> _Problem details_
Write down exactly the lines from the one below that has "11月14日,原平市同川鎮(zhèn)劉" to the end of the data, both ends included; the pictures should not appear in your copy.

> _Recorded data_

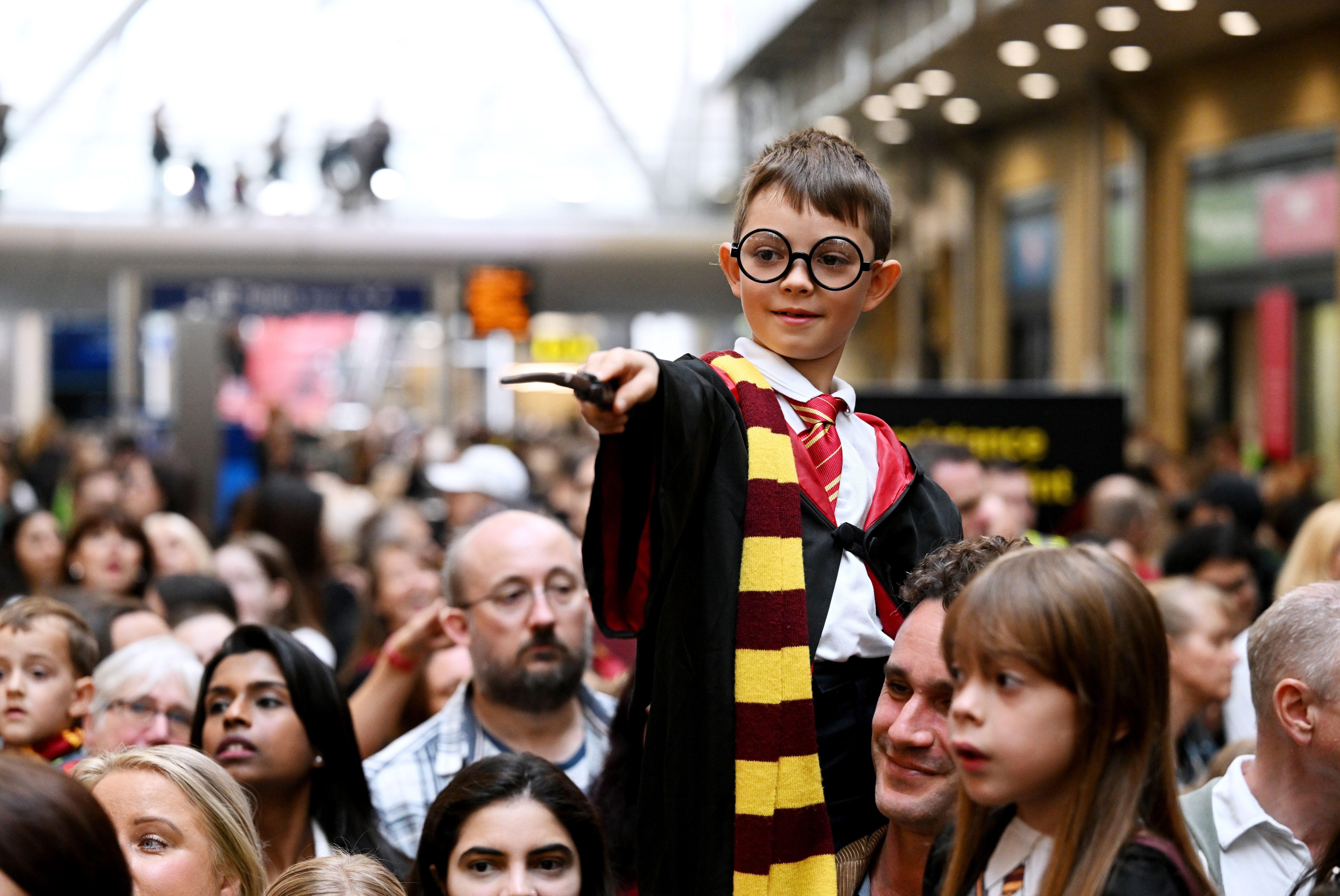 Harry Potter fans await the moment the Hogwarts Express departs from platform 9 3/4 at Kings' Cross station in London, UK on September 1, 2023. (Photo by James Veysey/Rex Features/Shutterstock)
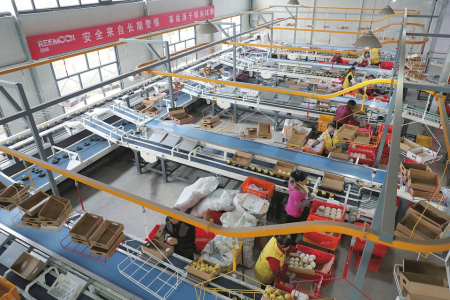 11月14日,原平市同川鎮(zhèn)劉河底村同川梨果倉儲(chǔ)配送中心自動(dòng)化選果車間內(nèi),工人們正在篩選、包裝產(chǎn)品。近年來,該市發(fā)揮“一村一品”地理優(yōu)勢,深耕梨果產(chǎn)業(yè)鏈,建設(shè)與現(xiàn)代農(nóng)業(yè)產(chǎn)業(yè)發(fā)展相適應(yīng)的農(nóng)產(chǎn)品冷鏈物流體系,助力當(dāng)?shù)剞r(nóng)產(chǎn)品對外銷售。
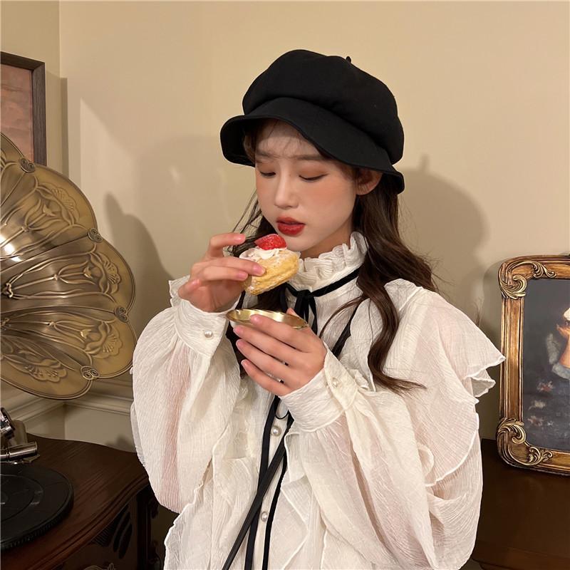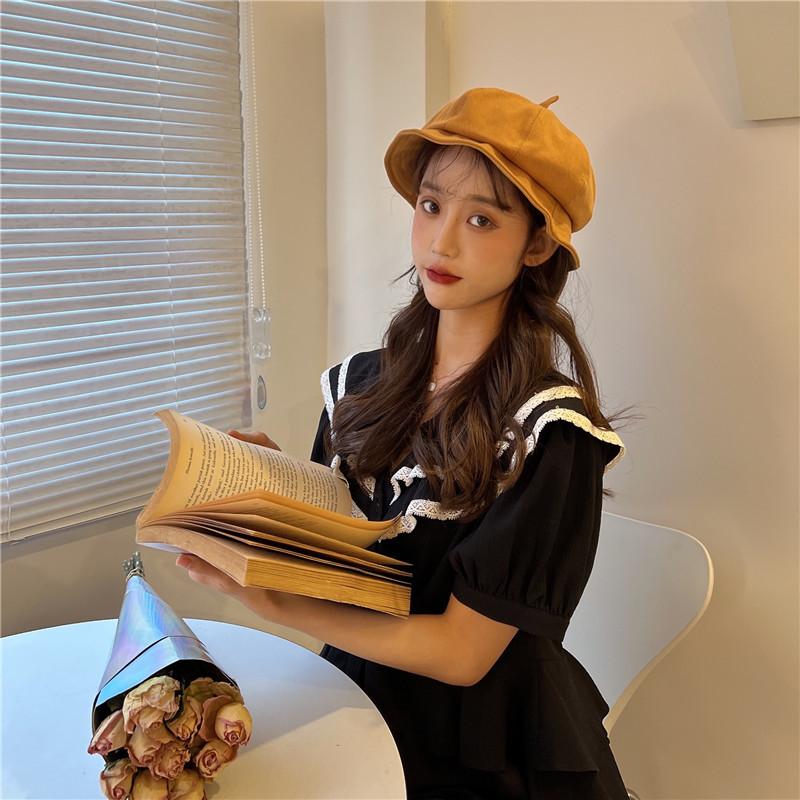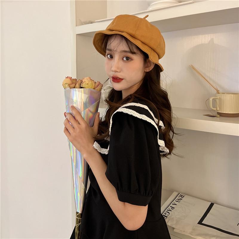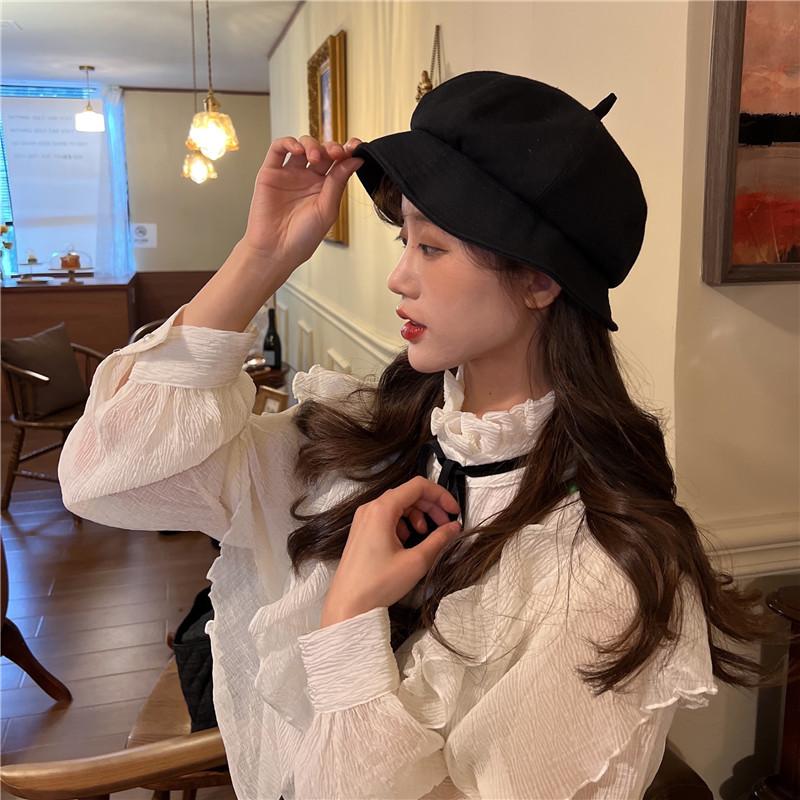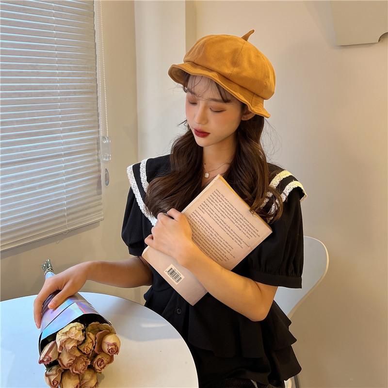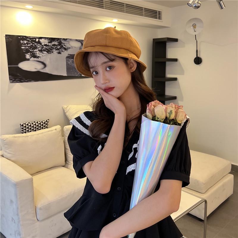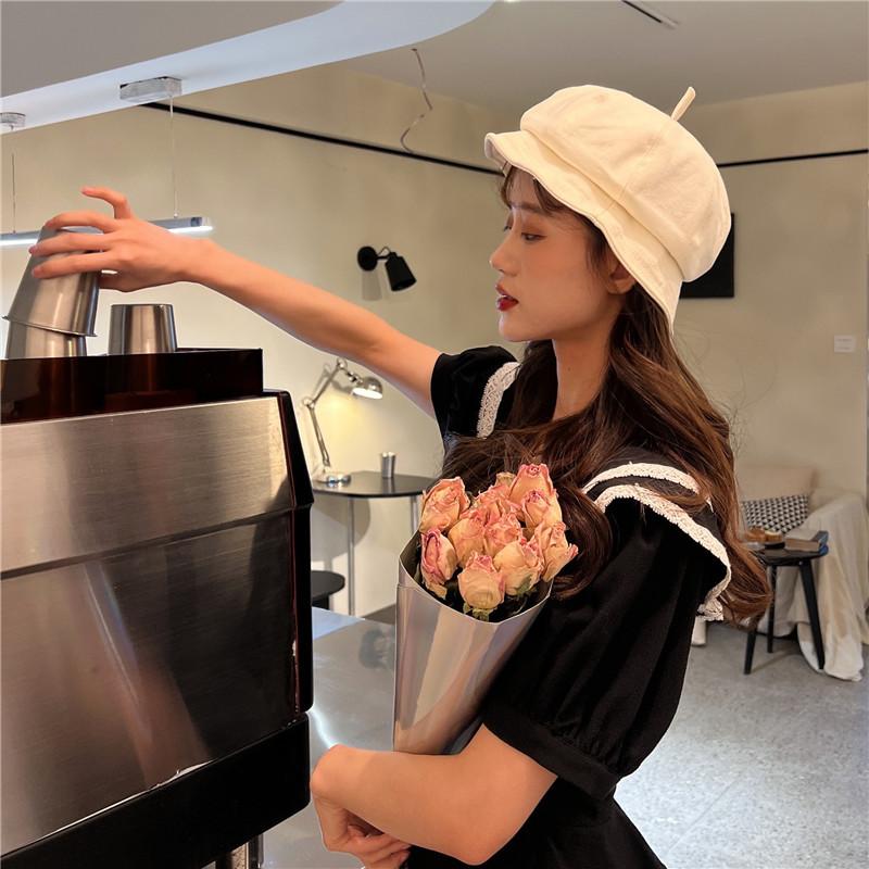 Sombrero de Nube Elegante de Nicho Primavera y Otoño Estilo Japonés Sombrero Negro Oscuro Sombrero de Pescador Pequeño que Muestra el Rostro para Mujer Sombrero de Medusa Sombrero de Cubo Parasol

> _Your solution_
 11月14日,原平市同川鎮(zhèn)劉河底村同川梨果倉儲(chǔ)配送中心自動(dòng)化選果車間內(nèi),工人們正在篩選、包裝產(chǎn)品。近年來,該市發(fā)揮“一村一品”地理優(yōu)勢,深耕梨果產(chǎn)業(yè)鏈,建設(shè)與現(xiàn)代農(nóng)業(yè)產(chǎn)業(yè)發(fā)展相適應(yīng)的農(nóng)產(chǎn)品冷鏈物流體系,助力當(dāng)?shù)剞r(nóng)產(chǎn)品對外銷售。
 Sombrero de Nube Elegante de Nicho Primavera y Otoño Estilo Japonés Sombrero Negro Oscuro Sombrero de Pescador Pequeño que Muestra el Rostro para Mujer Sombrero de Medusa Sombrero de Cubo Parasol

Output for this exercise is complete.